- _Try it_: In the records below, find the line containing "Each Vocal Eze" and the line containing "خرچسنه. [ خ". Give again exactly those lines and every line between them, omitting the pictures.

- _Input for this task_:
○ ○ ○ ○

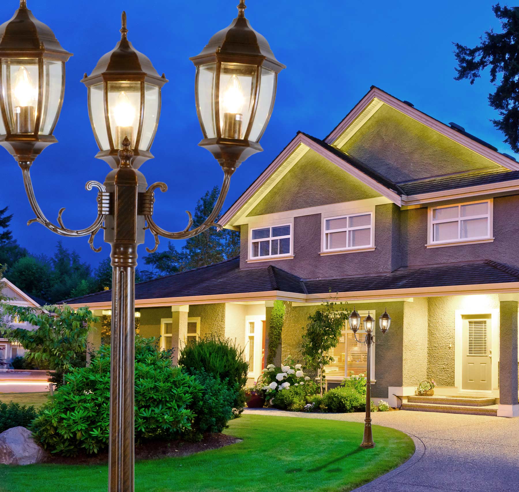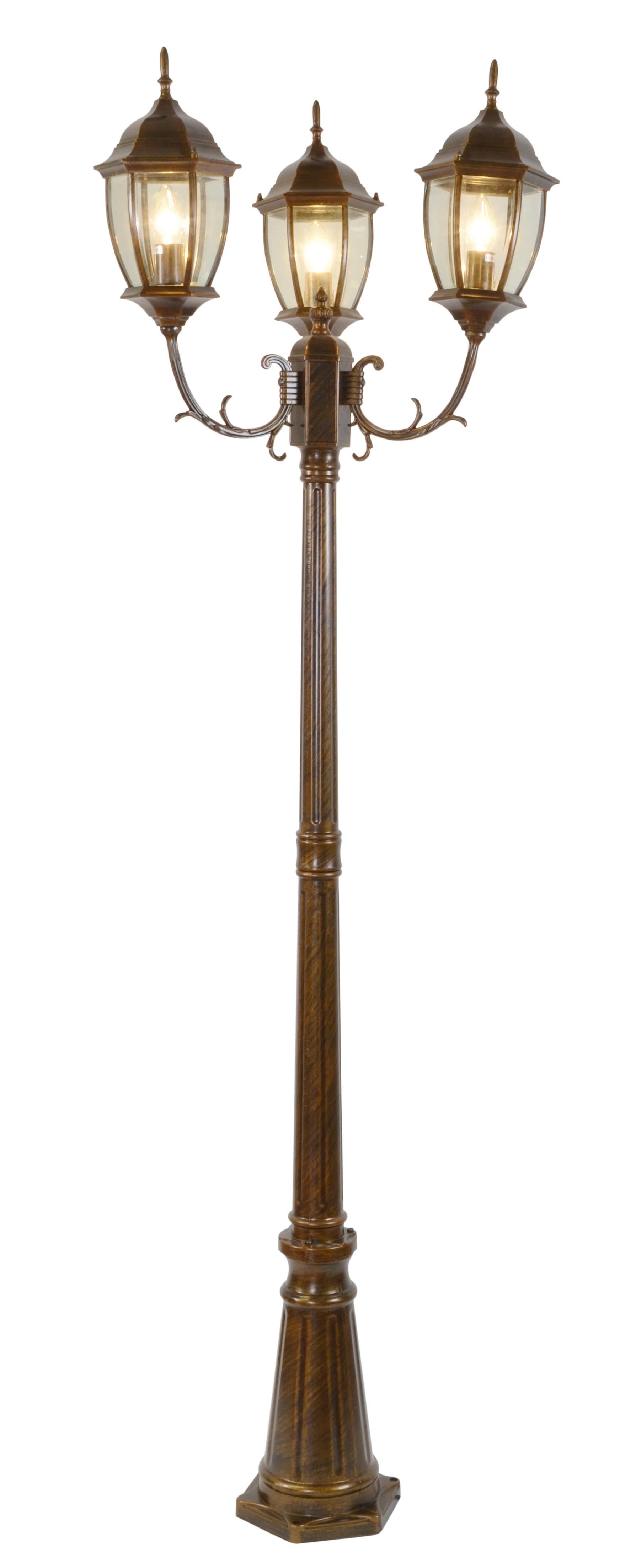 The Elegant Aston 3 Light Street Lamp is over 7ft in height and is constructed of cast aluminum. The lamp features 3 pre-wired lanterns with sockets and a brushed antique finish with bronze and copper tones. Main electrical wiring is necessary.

○ ○ ○ ○

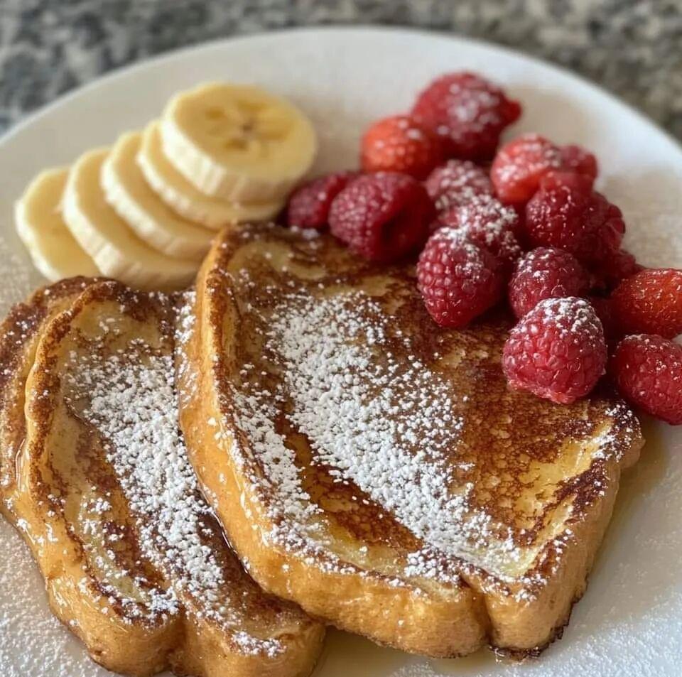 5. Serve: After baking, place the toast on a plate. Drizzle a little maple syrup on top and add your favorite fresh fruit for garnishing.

○ ○ ○ ○

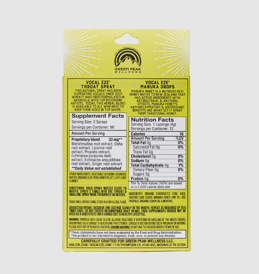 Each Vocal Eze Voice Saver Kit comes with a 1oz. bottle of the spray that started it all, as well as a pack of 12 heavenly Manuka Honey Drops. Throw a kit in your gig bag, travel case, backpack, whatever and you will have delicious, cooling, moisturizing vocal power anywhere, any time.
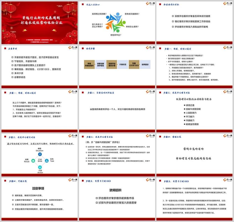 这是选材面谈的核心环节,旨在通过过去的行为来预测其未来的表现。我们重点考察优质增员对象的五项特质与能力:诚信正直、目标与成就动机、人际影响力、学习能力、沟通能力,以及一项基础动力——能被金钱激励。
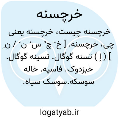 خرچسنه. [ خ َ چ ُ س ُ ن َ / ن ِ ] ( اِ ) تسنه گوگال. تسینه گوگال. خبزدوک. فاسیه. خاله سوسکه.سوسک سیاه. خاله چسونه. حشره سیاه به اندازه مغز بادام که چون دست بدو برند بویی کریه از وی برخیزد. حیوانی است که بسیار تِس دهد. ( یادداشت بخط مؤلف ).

○ ○ ○ ○

- _Answer to this exercise_:
 Each Vocal Eze Voice Saver Kit comes with a 1oz. bottle of the spray that started it all, as well as a pack of 12 heavenly Manuka Honey Drops. Throw a kit in your gig bag, travel case, backpack, whatever and you will have delicious, cooling, moisturizing vocal power anywhere, any time.
 这是选材面谈的核心环节,旨在通过过去的行为来预测其未来的表现。我们重点考察优质增员对象的五项特质与能力:诚信正直、目标与成就动机、人际影响力、学习能力、沟通能力,以及一项基础动力——能被金钱激励。
 خرچسنه. [ خ َ چ ُ س ُ ن َ / ن ِ ] ( اِ ) تسنه گوگال. تسینه گوگال. خبزدوک. فاسیه. خاله سوسکه.سوسک سیاه. خاله چسونه. حشره سیاه به اندازه مغز بادام که چون دست بدو برند بویی کریه از وی برخیزد. حیوانی است که بسیار تِس دهد. ( یادداشت بخط مؤلف ).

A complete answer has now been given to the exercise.